■ **Your objective**:
Please give back the listing below word for word, without the images.

■ **Collected data**:
+ + + +

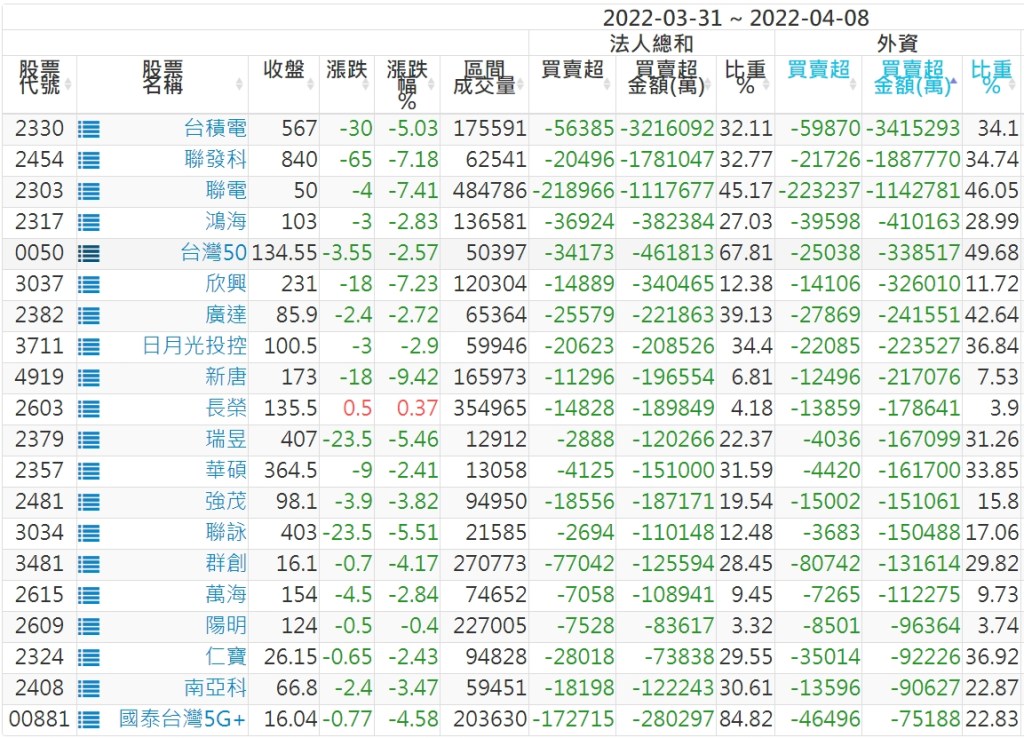 【上市外資賣超個股】(以金額排行,單位:萬)
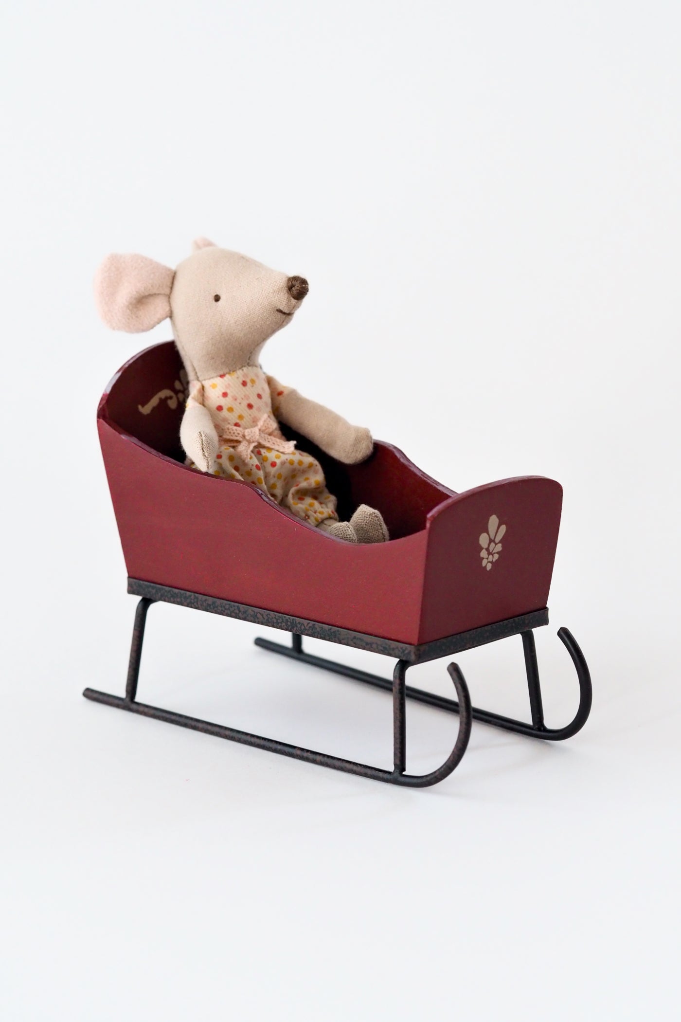 Details: A lovely sleigh with a soft mattress to keep the passengers warm and comfortable during the ride. Mouse not included
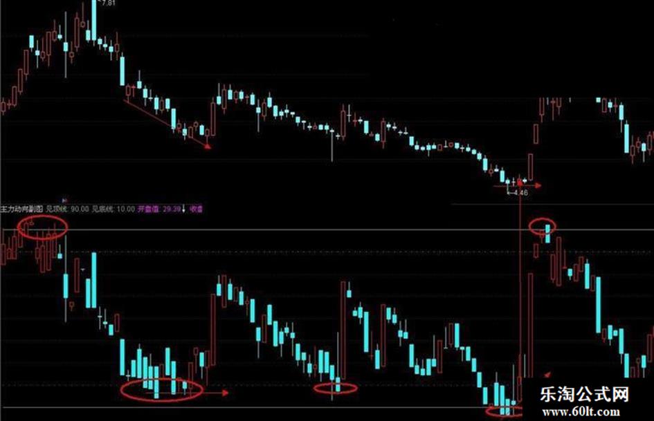 STICKLINE(收盘值<开盘值,最低值,收盘值,0,0),COLORFFFF00;
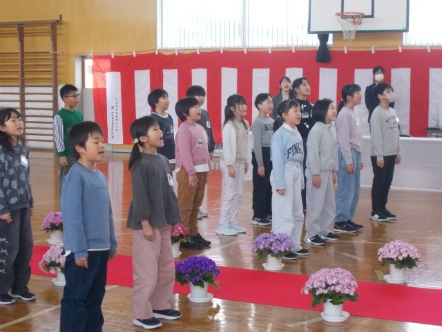 新しく3人の先生方をお迎えして、令和8年度がスタートしました。歓迎の意味も込めた校歌は、とても元気な歌声が響き渡りました。校歌の素晴らしさに転入職員は感動していました。

+ + + +

■ **Task response**:
 【上市外資賣超個股】(以金額排行,單位:萬)
 Details: A lovely sleigh with a soft mattress to keep the passengers warm and comfortable during the ride. Mouse not included
 STICKLINE(收盘值<开盘值,最低值,收盘值,0,0),COLORFFFF00;
 新しく3人の先生方をお迎えして、令和8年度がスタートしました。歓迎の意味も込めた校歌は、とても元気な歌声が響き渡りました。校歌の素晴らしさに転入職員は感動していました。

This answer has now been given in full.